Example of nonconstant polynomial over a finite field with zero derivative

Question

If $K$ is a field of characteristic zero, then a polynomial $f(t) = \sum_{k = 0}^n a_k t^k0 \in K[t]$ with zero derivative $Df(t) = 0$ must be constant, because $Df(t) = \sum_{k = 1}^nka_kt^{k-1} = 0 \implies a_k = 0$, since $k \neq 0$. The book I'm reading (Algebraic Number Theory by Stewart and Tall) mentions that this is not true for finite fields. So I tried to make up a counterexample: in $\mathbb{F}_2$, the derivative of $f(t) = t^2$ is $Df(t) = 2 t = 0$. My question is: is $f(t)$ constant? I think the definition of polynomials as sequences gives $f(t) = (0, 0, 1, 0, \dots)$, but I am confused about the exponent $2$: if read modulo $2$, wouldn't it make $f(t) = t^2 = 1$?

Answer 1

A (univariate) polynomial over a commutative ring $K$ is an expression of the form $$ a_0 + a_1 t + a_2 t^2 + \cdots + a_n t^n $$ where the coefficients $a_0, a_1, \ldots, a_n$ are elements of $K$, and $t, t^2, \ldots, t^n$ are symbols which follow the usual rules of exponentiation.

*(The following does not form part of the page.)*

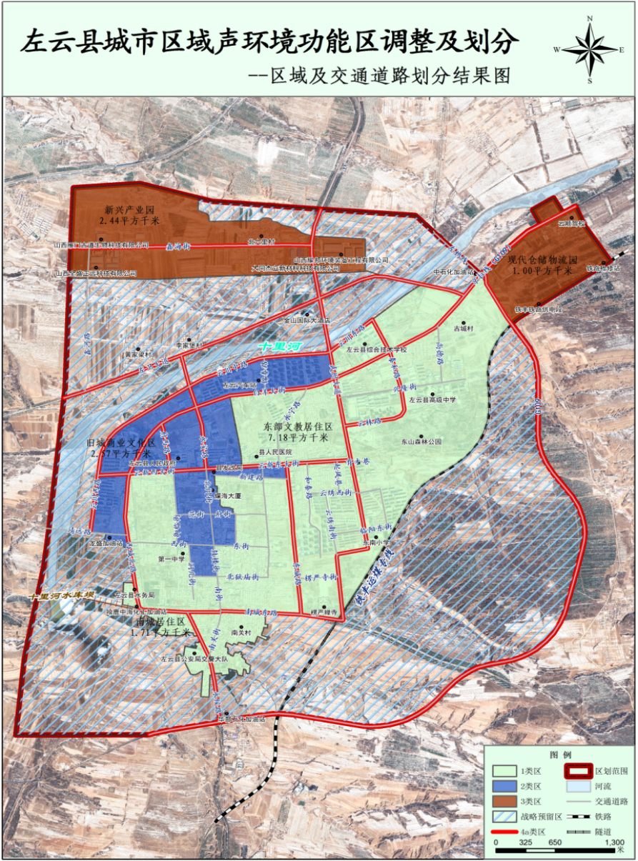 附圖:左云縣城市區(qū)域聲環(huán)境功能區(qū)調整及劃分結果圖
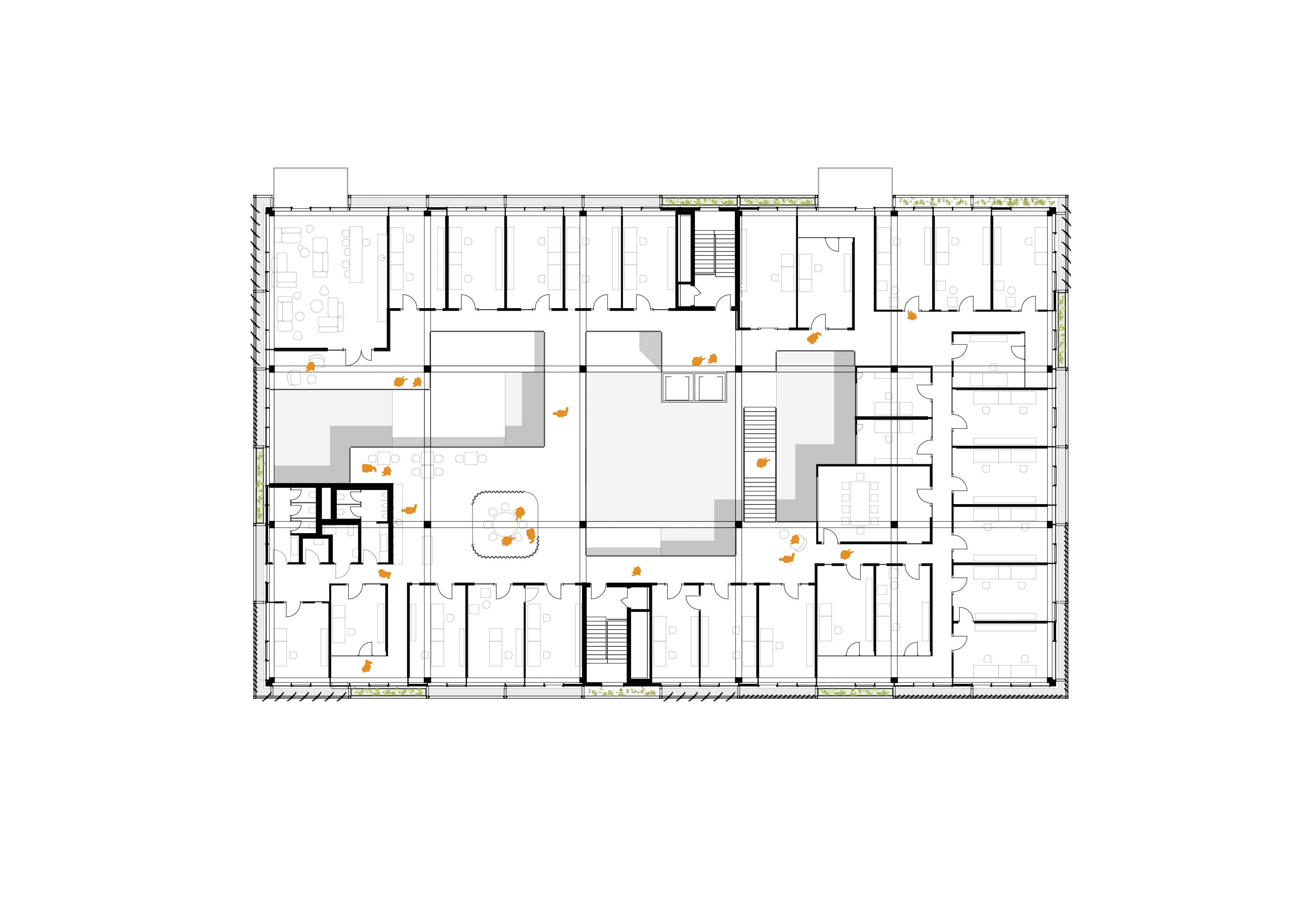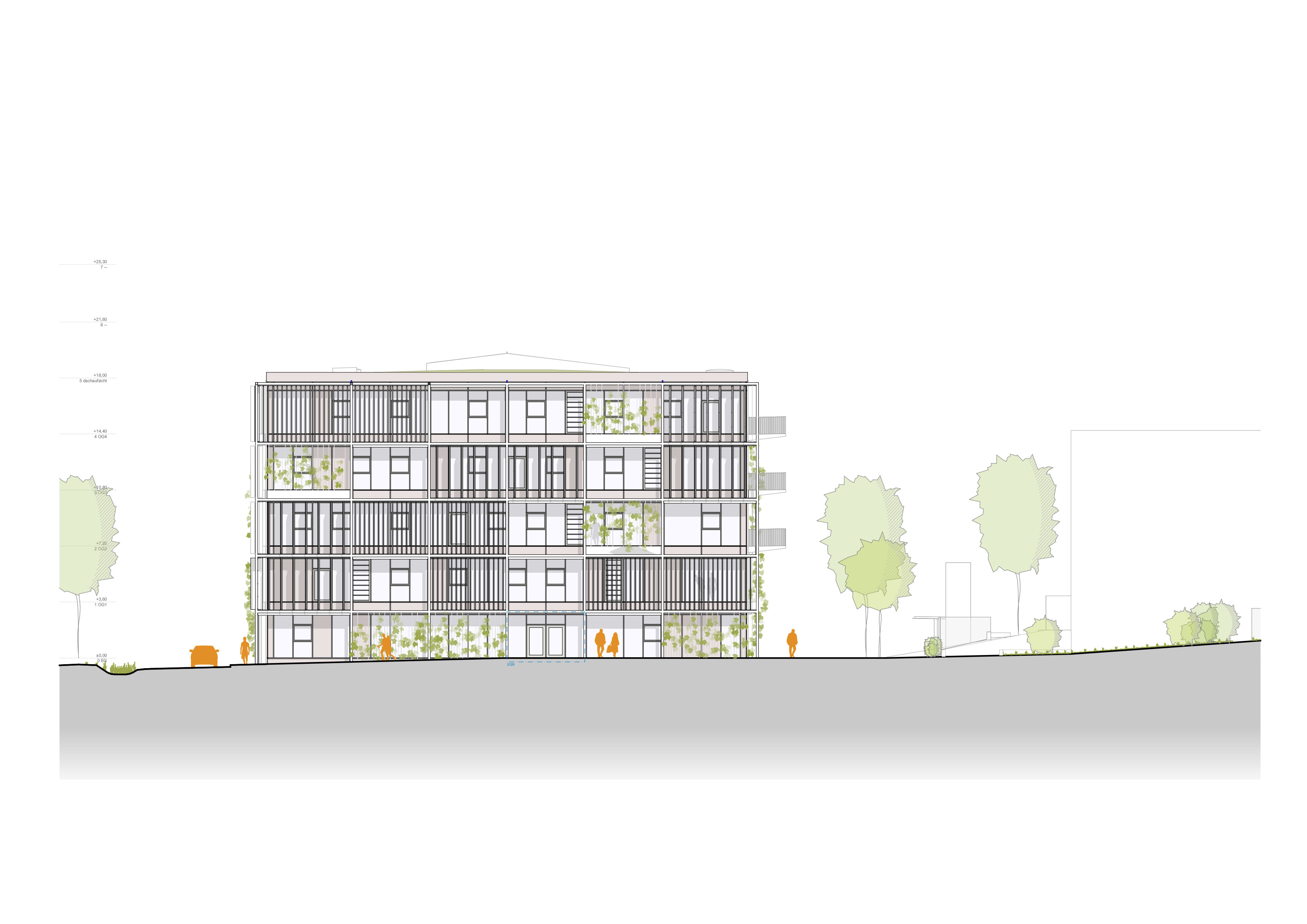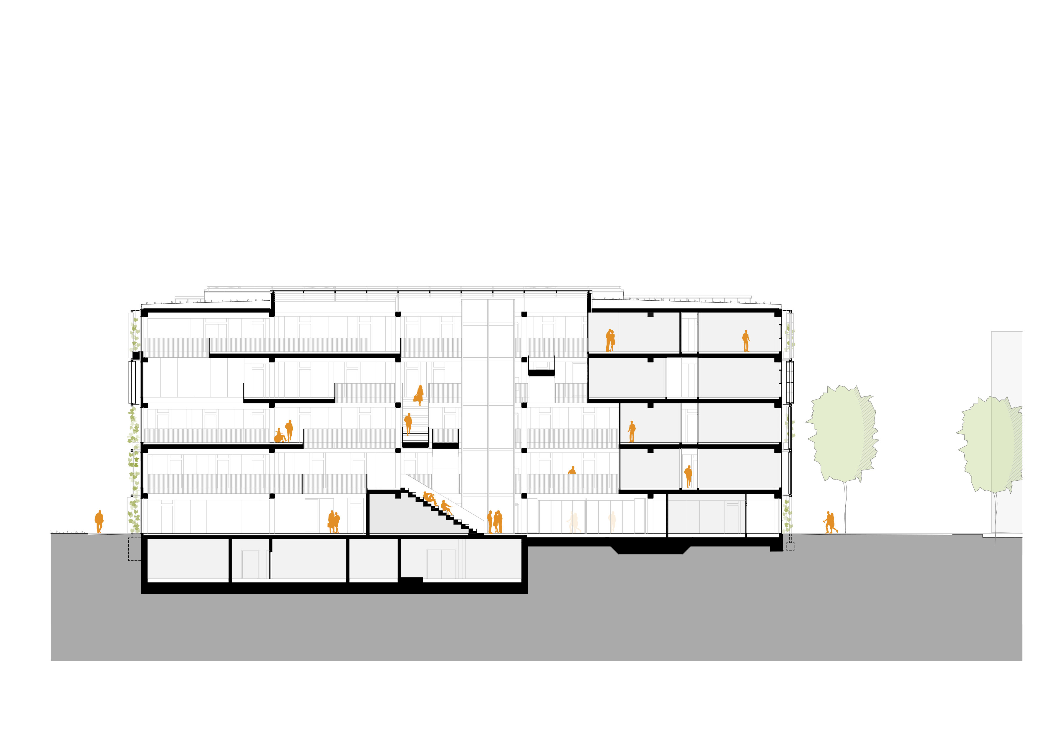 the selection of materials considers longevity, simplicity and demonstration and visibility of raw surfaces. the supporting structure, floor and ceiling are not hidden behind cladding elements; glass and metallic surfaces complement this raw character. the color and texture of the walls stand out clearly from the shell, making the individual building elements legible. the façade consists of two layers: a post and beam façade as a warm shell and a steel structure in front, embedding various sun protection elements and façade greenery. the two-layered nature of the shell and the light color scheme create a fascinating interplay of light, shadow and depth.

So to address your confusion: The exponents are nonnegative integers and not elements of $K$. In $\Bbb F_2[t]$ is $f(t) = t^2 = t \cdot t $ and that is different from $t^0 = 1$. Therefore $f(0) =0$, $f(1) = 1$, and $f$ is not constant.

Answer 2

Your example is correct and it is also non-constant. Look at $f(0)$ and $f(1)$.